Records for this task |
------
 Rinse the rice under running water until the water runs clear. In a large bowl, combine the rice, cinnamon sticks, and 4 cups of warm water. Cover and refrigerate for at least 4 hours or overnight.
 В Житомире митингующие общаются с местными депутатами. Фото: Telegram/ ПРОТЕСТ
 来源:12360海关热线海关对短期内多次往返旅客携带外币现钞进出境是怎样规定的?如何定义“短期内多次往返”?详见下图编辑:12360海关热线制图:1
------
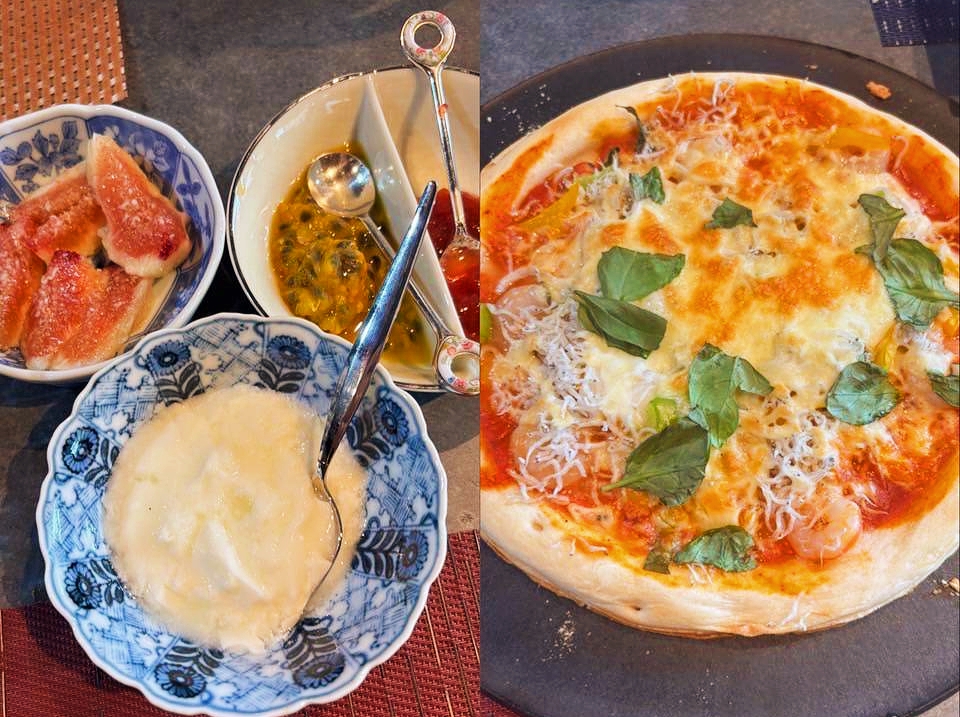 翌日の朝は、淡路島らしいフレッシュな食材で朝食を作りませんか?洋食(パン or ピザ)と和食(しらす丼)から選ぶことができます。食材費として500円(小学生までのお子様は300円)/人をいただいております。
------
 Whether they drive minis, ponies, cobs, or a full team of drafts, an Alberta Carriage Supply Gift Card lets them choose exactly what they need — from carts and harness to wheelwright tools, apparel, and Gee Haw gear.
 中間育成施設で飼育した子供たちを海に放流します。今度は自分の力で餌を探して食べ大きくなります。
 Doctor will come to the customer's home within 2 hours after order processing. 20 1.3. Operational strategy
------
Activity | Using the material above, count how many lines include the word "hours" and answer with only that figure.

Exercise response | 2